- Exercise goal: Using the entries that follow, transcribe only the lines from the line with "神威天刀堆什么_神威天刀堆什么屬性最好" to the line with "Вихідний виявився цікавим", both included, exactly as they stand and without pictures.

- Data supplied:

==================================================

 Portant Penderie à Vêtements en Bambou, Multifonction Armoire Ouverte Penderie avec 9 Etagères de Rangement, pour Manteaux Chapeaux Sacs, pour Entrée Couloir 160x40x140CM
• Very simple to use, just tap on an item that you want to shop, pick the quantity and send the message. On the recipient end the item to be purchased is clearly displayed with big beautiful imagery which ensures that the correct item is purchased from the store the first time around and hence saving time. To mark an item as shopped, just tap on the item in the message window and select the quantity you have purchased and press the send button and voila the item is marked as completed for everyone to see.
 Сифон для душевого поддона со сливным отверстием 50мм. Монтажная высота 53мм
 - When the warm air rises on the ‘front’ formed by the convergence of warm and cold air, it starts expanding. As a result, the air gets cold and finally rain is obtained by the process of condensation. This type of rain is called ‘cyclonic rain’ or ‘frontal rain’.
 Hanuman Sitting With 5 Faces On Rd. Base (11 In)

==================================================

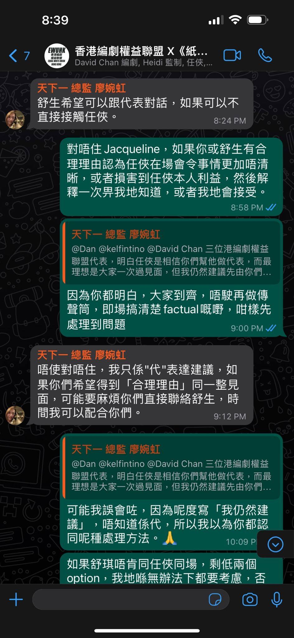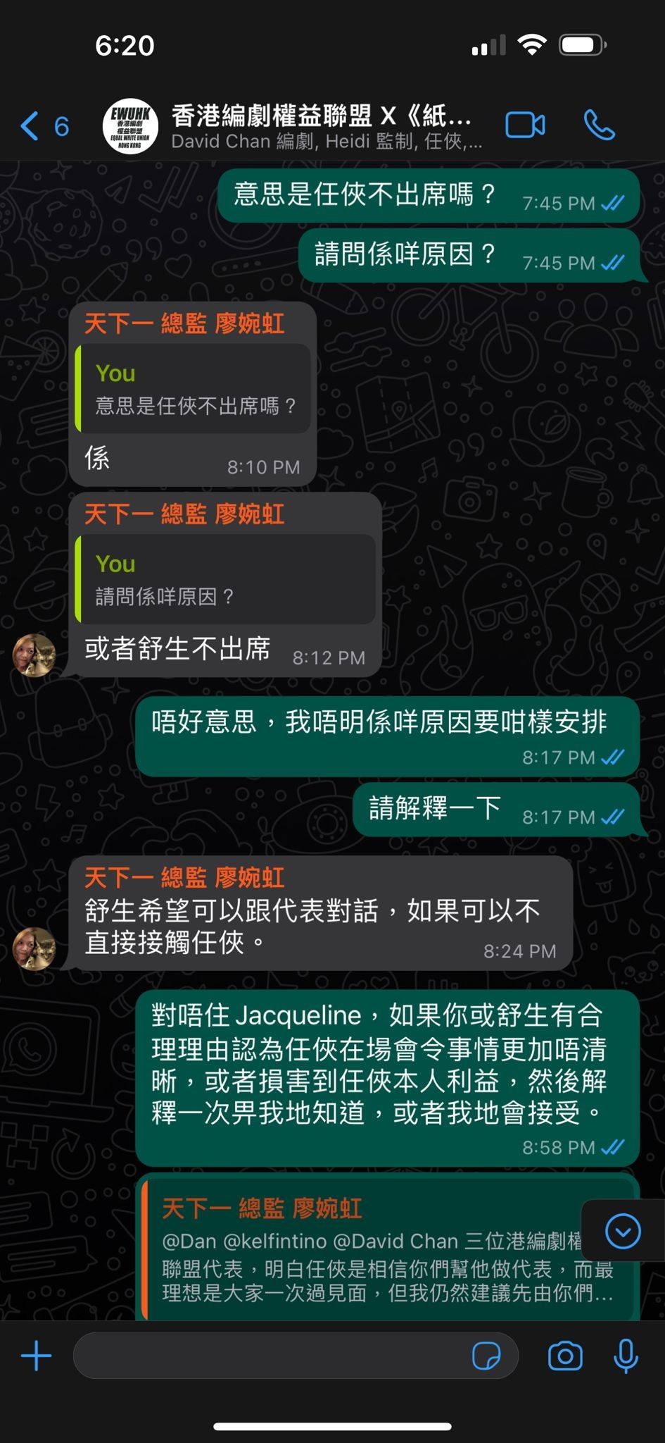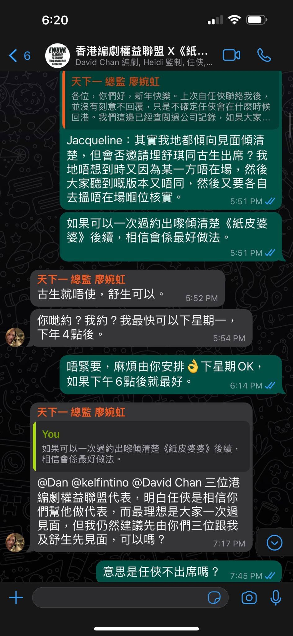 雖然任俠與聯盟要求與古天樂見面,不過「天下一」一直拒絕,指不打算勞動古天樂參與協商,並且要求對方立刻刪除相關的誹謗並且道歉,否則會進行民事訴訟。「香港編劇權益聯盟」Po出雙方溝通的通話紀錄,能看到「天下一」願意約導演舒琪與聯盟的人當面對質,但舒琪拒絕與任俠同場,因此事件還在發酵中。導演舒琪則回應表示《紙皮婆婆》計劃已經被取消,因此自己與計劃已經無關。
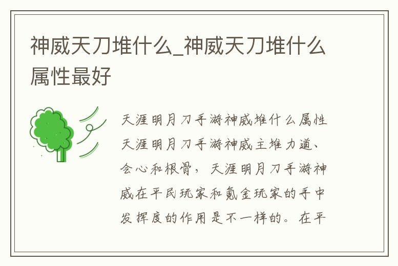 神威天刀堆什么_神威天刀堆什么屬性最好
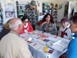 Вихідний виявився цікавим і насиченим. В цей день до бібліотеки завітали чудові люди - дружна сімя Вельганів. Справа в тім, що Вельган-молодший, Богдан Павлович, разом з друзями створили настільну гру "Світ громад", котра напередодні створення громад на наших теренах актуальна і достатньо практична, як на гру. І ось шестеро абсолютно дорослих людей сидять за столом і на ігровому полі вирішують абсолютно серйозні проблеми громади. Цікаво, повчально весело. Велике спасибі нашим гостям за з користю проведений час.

==================================================

- Output for this task:
 神威天刀堆什么_神威天刀堆什么屬性最好
 Вихідний виявився цікавим і насиченим. В цей день до бібліотеки завітали чудові люди - дружна сімя Вельганів. Справа в тім, що Вельган-молодший, Богдан Павлович, разом з друзями створили настільну гру "Світ громад", котра напередодні створення громад на наших теренах актуальна і достатньо практична, як на гру. І ось шестеро абсолютно дорослих людей сидять за столом і на ігровому полі вирішують абсолютно серйозні проблеми громади. Цікаво, повчально весело. Велике спасибі нашим гостям за з користю проведений час.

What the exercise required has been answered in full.